[Problem] Starting at the line below that contains "Hello girls !" and ending at the line that contains "50克重的意思是() A. 50克/平方米", retype each line exactly as it stands, but omit the pictures.

[Data for this task]
....

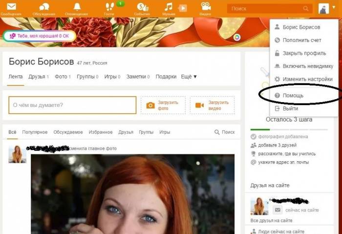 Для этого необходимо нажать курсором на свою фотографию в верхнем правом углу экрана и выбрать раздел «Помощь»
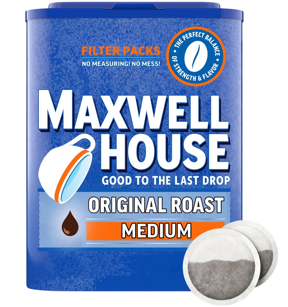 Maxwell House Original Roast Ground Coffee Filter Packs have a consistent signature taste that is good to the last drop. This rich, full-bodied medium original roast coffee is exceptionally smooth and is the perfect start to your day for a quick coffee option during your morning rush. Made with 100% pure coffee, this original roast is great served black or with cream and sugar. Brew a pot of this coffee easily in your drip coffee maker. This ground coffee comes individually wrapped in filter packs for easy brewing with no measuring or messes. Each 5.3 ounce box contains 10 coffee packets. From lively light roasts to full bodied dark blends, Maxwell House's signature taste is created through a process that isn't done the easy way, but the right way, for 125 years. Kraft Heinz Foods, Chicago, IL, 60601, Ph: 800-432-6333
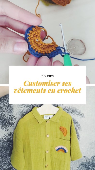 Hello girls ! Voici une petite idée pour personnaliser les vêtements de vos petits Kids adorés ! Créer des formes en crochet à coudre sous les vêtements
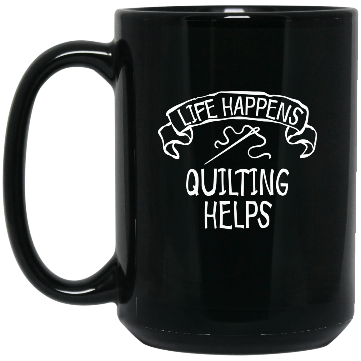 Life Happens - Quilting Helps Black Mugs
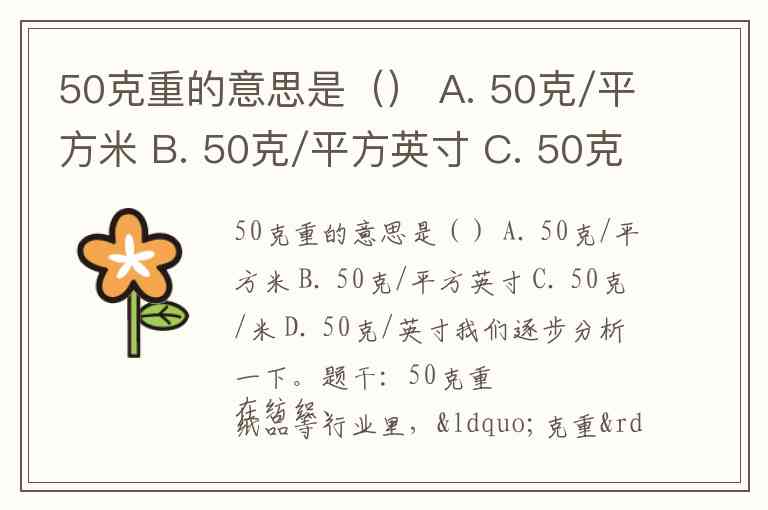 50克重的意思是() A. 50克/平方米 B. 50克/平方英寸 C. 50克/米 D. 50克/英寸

....

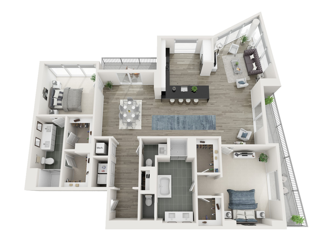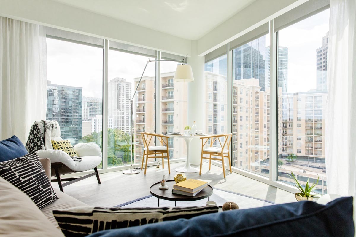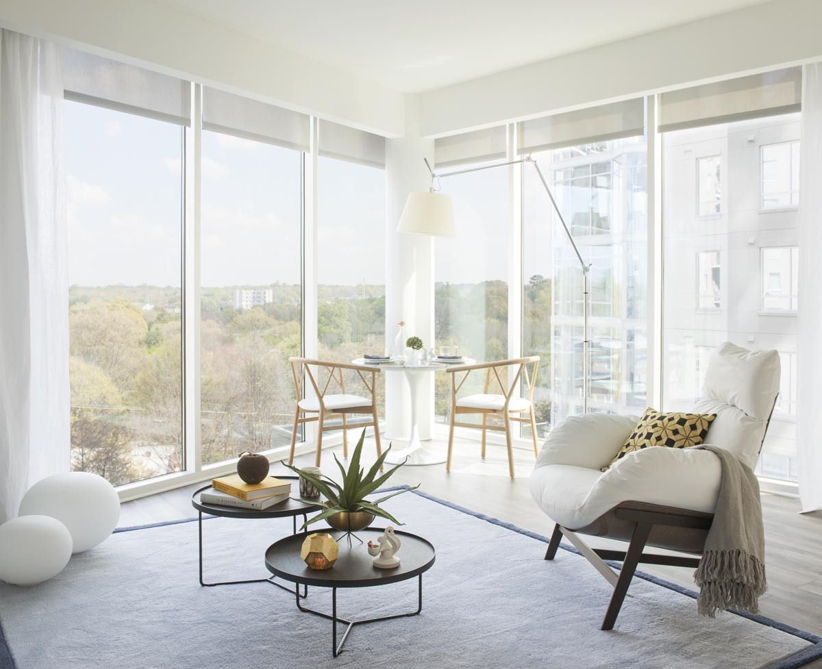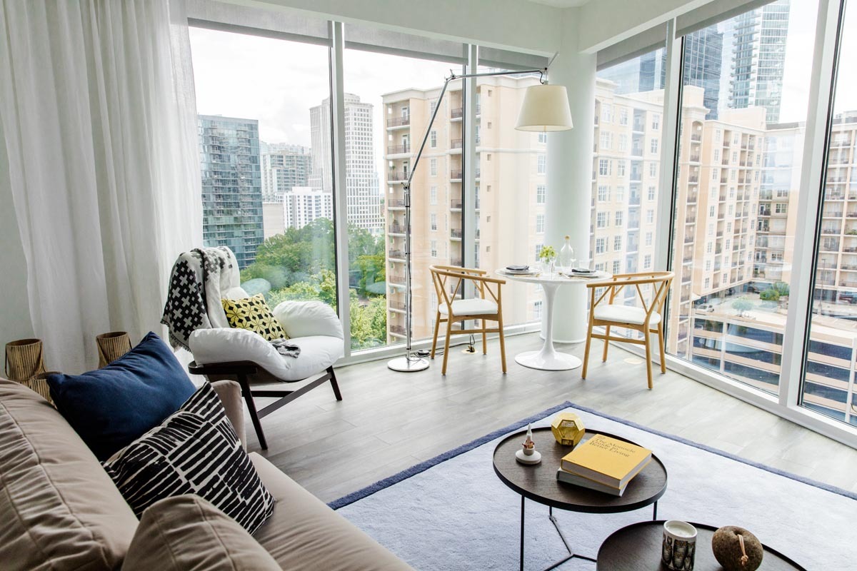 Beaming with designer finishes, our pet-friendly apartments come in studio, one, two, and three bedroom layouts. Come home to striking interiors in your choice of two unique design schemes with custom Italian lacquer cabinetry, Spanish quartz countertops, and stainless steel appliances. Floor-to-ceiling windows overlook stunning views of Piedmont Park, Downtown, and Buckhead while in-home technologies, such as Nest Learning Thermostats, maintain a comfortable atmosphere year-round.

....

[Result of the exercise]
 Hello girls ! Voici une petite idée pour personnaliser les vêtements de vos petits Kids adorés ! Créer des formes en crochet à coudre sous les vêtements
 Life Happens - Quilting Helps Black Mugs
 50克重的意思是() A. 50克/平方米 B. 50克/平方英寸 C. 50克/米 D. 50克/英寸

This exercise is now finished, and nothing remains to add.